Inappropriate Use Of ESA Meds Was Widespread
3 CommentsBy Ed Silverman // August 8th, 2011 // 7:55 am
The group of drugs known as ESAs are apparently being used inappropriately in cancer patients, suggesting that the expensive treatments are being wasted and exposing patients unnecessarily to serious side effects, according to a new study in the Journal of Clinical Oncology.
Specifically, the meds were administered for no more than one week in 24 percent of patients, which is an insufficient amount of time to offer a useful benefit, according to the researchers (read the abstract). Moreover, nearly eight percent of the patients received one of the drugs for more than 14 weeks, while almost 14 percent were getting the drugs when they weren’t on chemotherapy.”
The meds are approved for cancer patients who are getting chemotherapy, and recommended treatment is between two and 14 weeks. The Center for Medicare & Medicaid Services spends more than $1 billion dollars annually on ESAs, which include Epogen and Aranesp, which are sold by Amgen; Procrit, which is sold by Johnson & Johnson, and Roche’s NeoRecormon.
“These are very expensive drugs and there are a fair number of side effects,” lead author Jason Wright of Columbia University Medical Center in New York tells Reuters. “You’re subjecting patients to potential toxicity for very little clinical benefit, so it is wasted resources.”
But as Reuters notes, benefits may be uncertain and could be mitigated by such side effects as blood clots and heart problems. In some cases, the drugs might even fuel tumor growth. “Over the last five years, we have been seeing many side effects that weren’t seen in the early clinical trials,” Wright says, noting the FDA issued a warning in 2007.
In reaching their conclusion, the researchers reviewed data on 21,000 Medicare beneficiaries who were 65 years or older with breast, lung, or colon cancer diagnosed between 1995 and 2005, and who had one ESA and chemotherapy claim.
Interestingly, they found that ESA misuse was associated with MD degree, female sex of physician, and earlier year of medical school graduation. Private practice physicians and high-volume physicians were less likely to use one week or less of ESA treatment. Treatment by high-volume oncologists and by oncologists who graduated from US medical schools predicted prolonged-duration ESA use, whereas female oncologists were less likely to prescribe prolonged ESA treatment. Private practice physicians and high-volume providers were more likely to prescribe more than 24 weeks of ESA treatment.
“The really important question now is whether it is still being used routinely, because that would be a real public health concern,” Thomas George, a cancer researcher at the University of Florida who was not involved in the study, tells Reuters. “There needs to be a fairly rigorous educational program that accompanies the use of these medications so doctors know who is going to benefit.”
benjamins pic thx to amagill on flickr
Oncology Pharmacist
Ed,
You should take note of the time period studied for this JCO article.

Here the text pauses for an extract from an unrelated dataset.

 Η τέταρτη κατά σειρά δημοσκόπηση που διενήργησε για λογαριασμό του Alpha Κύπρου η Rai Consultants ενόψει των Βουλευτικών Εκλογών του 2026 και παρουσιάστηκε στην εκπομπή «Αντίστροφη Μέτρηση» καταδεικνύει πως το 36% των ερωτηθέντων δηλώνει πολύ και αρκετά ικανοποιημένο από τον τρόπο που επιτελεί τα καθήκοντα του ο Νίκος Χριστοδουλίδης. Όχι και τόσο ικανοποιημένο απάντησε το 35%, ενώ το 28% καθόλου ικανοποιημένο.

Your post might better be titled “Inappropriate use of ESAs was widespread.”
While authors are probably correct that ESA use was variable and may have been inappropriate in the past, the time period of the analysis (1995-2005) pre-dated at least 6 label changes, a REMs program and a National Coverage Decision by Medicare. I understand that utilization in the oncology space has declined by almost 50% since the safety issues emerged in 2007.
I think that it would interesting to see a follow up analysis that decribes just how signifiantly physician habits changed in light of all of these events.
Greg Pawelski
Erythropoiesis-stimulating agents, Procrit, Epogen, NeoRecormon and Aranesp are used for low red cell count. A lack of red blood cells can lead to anemia. EPO is a natural substance made by the kidney. It stimulates the bone marrow to make red blood cells. Healthy adults are usually at about 15 grams a deciliter. However, Erythropoiesis-stimulating agents can have an adverse impact on cancer survival. Pharmaceutical EPO can feed the growth of tumors in cancer patients (it is a “growth factor” afterall).

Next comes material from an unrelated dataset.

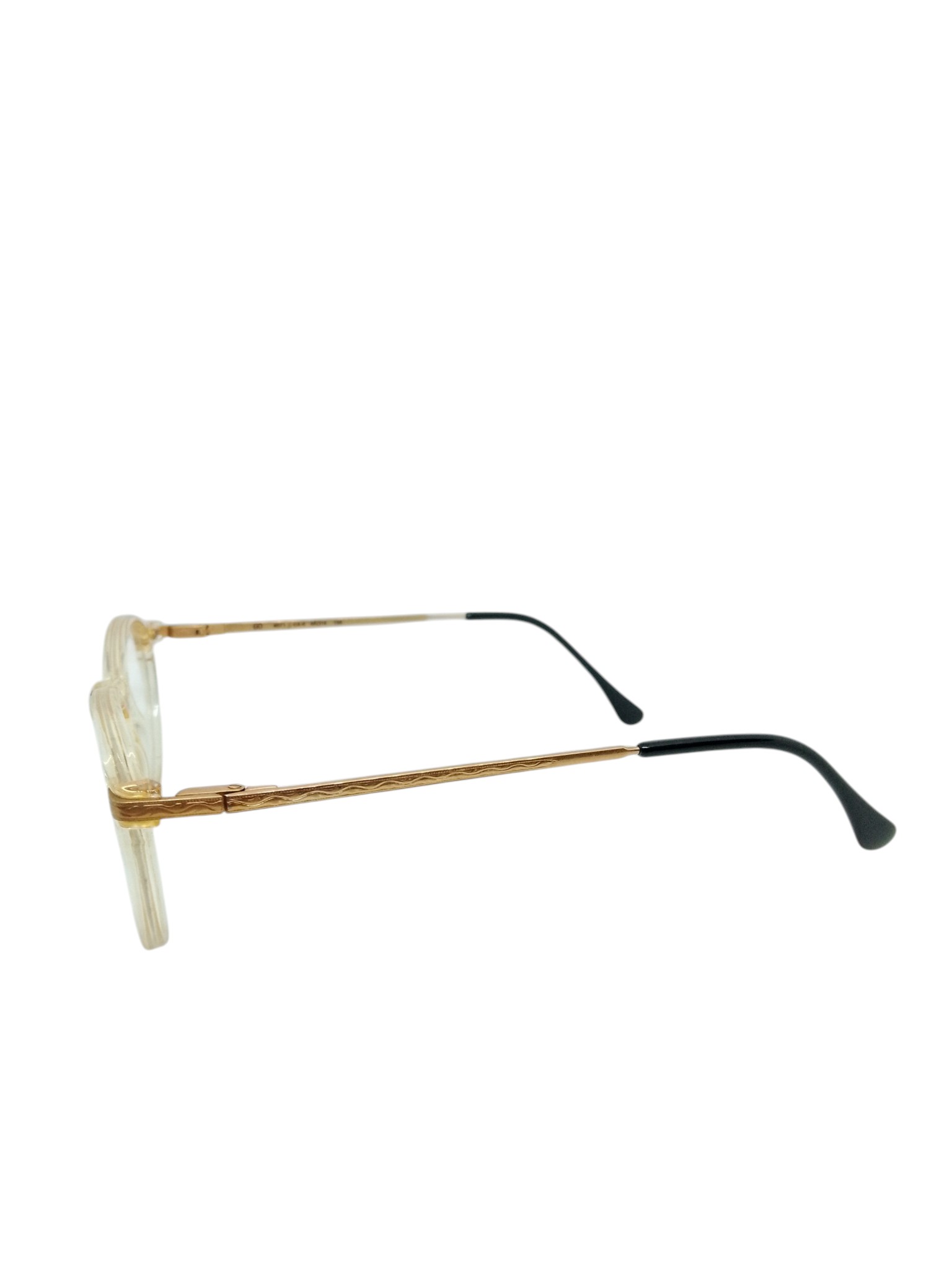 A armação em acetato translúcido em tom champagne traz um acabamento refinado e suave, enquanto o formato arredondado clássico proporciona equilíbrio e harmonia ao rosto. As hastes metálicas com detalhes trabalhados adicionam um toque de sofisticação ao modelo.

A “growth factor” is about twenty small proteins that attach to specific receptors on the surface of stem cells in bone marrow and promote differentiation and maturation of these cells into morphotic constituents of blood. And blood is a circulating tissue composed of fluid plasma and cells (red blood cells, white blood cells, platelets). Problems with blood composition or circulation can lead to downstream tissue (which is made up of cells) dysfunction.
Increasing the blood cell count (hemoglobin) level above 12 is very risky with pharmaceutical EPO. The issue is over the drugs’ safety on how big a dose to use to boost concentrations of hemoglobin. The FDA-approved level is doses sufficient to increase hemoglobin to a maximum of 12 grams a deciliter. Blood transfusions are generally needed when patients slip to less than 8 grams.
However, the adage of some physicians was that if some improvement in hemoglobin was good, higher levels of hemoglobin would even be better. Then “greed” takes over.
Evelyn Pringle
I’d have to agree that this study would be outdated by all that’s happened since 2005.
I investigated and wrote about the misuse of these drugs quite a while ago. I want to say probably in 2006 or 2007.
Public health care programs were definitely ripped off big time - I remember that much for sure.